ReallyDoIt("hello world");

then we would pick the “natural” version. But you didn’t pass something known to the compiler to be a string. You passed something known to be a T, an unconstrained type parameter, and hence it could be anything. So, the overload resolution algorithm reasons, is there a method that can always take anything? Yes, there is.

This illustrates that generics in C# are not like templates in C++. You can think of templates as a fancy-pants search-and-replace mechanism. When you say DoIt<string> in a template, the compiler conceptually searches out all uses of “T”, replaces them with “string”, and then compiles the resulting source code. Overload resolution proceeds with the substituted type arguments known, and the generated code then reflects the results of that overload resolution.

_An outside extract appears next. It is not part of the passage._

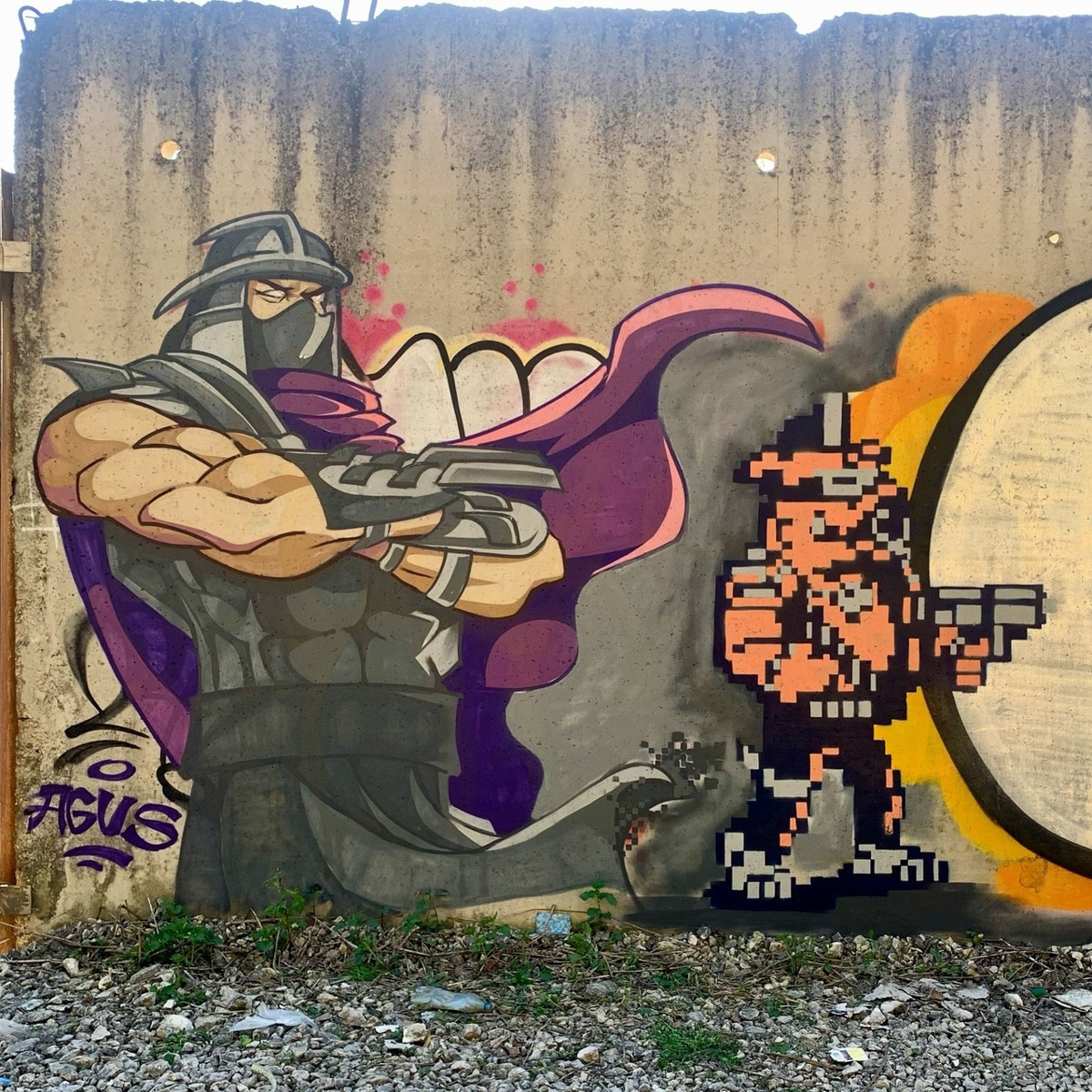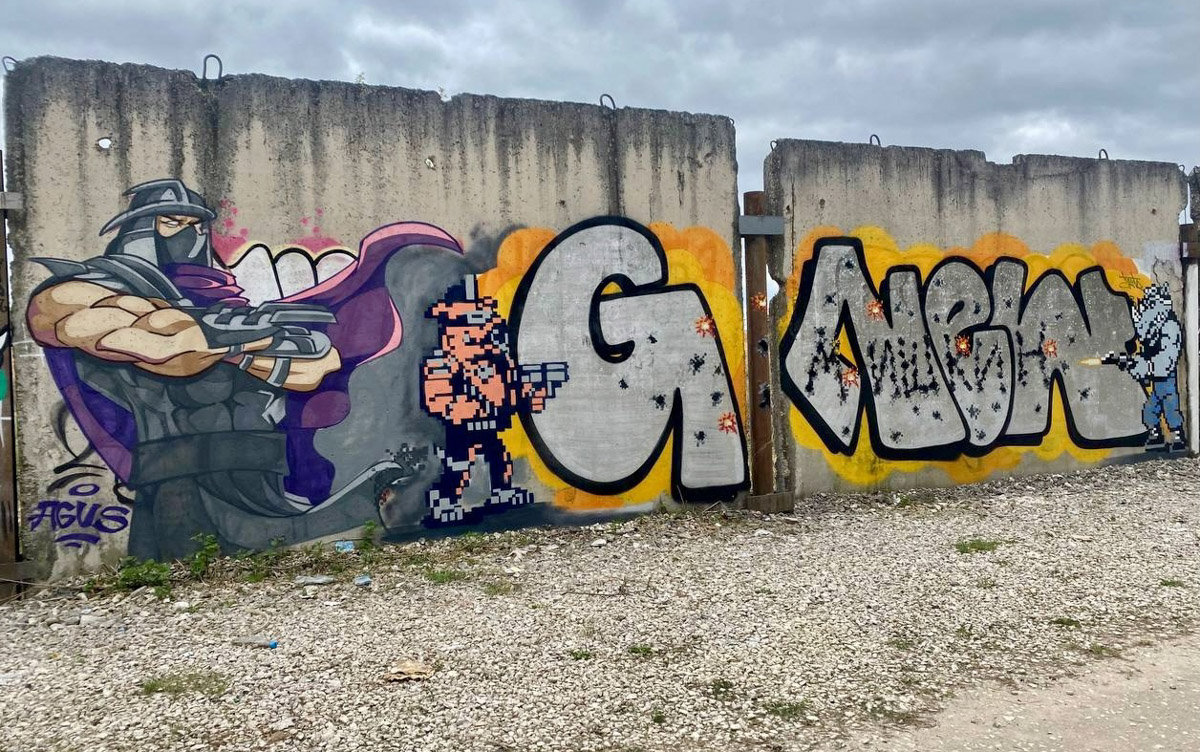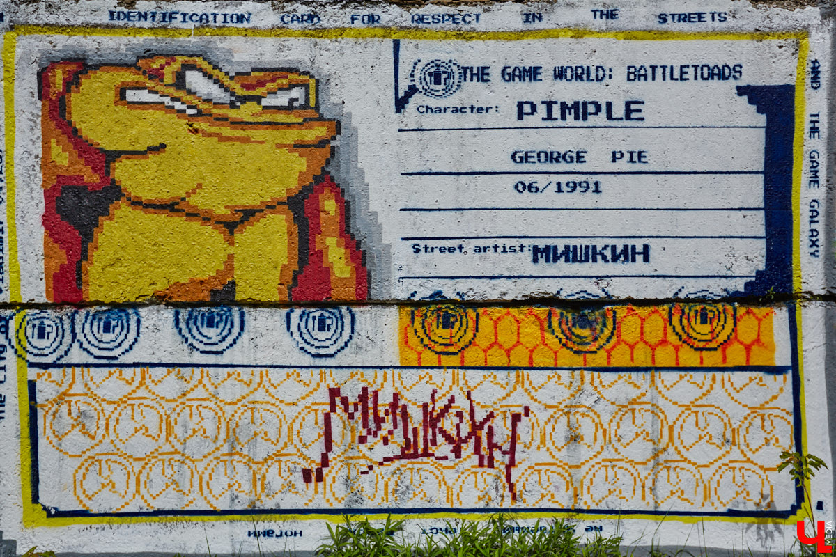Еще одно произведение появилось в Коврове. Там владимирский художник созидал в коллаборации с Ильей Sugrob и Никитой Quire. В результате сотворческого процесса непримечательную стену заселили персонажи из игры «Черепашки ниндзя».

That’s not how generic types work; generic types are, well, generic. We do the overload resolution once and bake in the result. We do not change it at runtime when someone, possibly in an entirely different assembly, uses string as a type argument to the method. The IL we’ve generated for the generic type already has the method its going to call picked out. The jitter does not say “well, I happen to know that if we asked the C# compiler to execute right now with this additional information then it would have picked a different overload. Let me rewrite the generated code to ignore the code that the C# compiler originally generated...” The jitter knows nothing about the rules of C#.

Essentially, the case above is no different from this:

public class C
{
public static void DoIt(object t)
{
ReallyDoIt(t);
}
private static void ReallyDoIt(string s)
{
System.Console.WriteLine("string");
}
private static void ReallyDoIt(object t)
{
System.Console.WriteLine("everything else");
}
}

When the compiler generates the code for the call to ReallyDoIt, it picks the object version because that’s the best it can do. If someone calls this with a string, then it still goes to the object version.

Now, if you do want overload resolution to be re-executed at runtime based on the runtime types of the arguments, we can do that for you; that’s what the new “dynamic” feature does in C# 4.0. Just replace “object” with “dynamic” and when you make a call involving that object, we’ll run the overload resolution algorithm at runtime and dynamically spit code that calls the method that the compiler would have picked, had it known all the runtime types at compile time.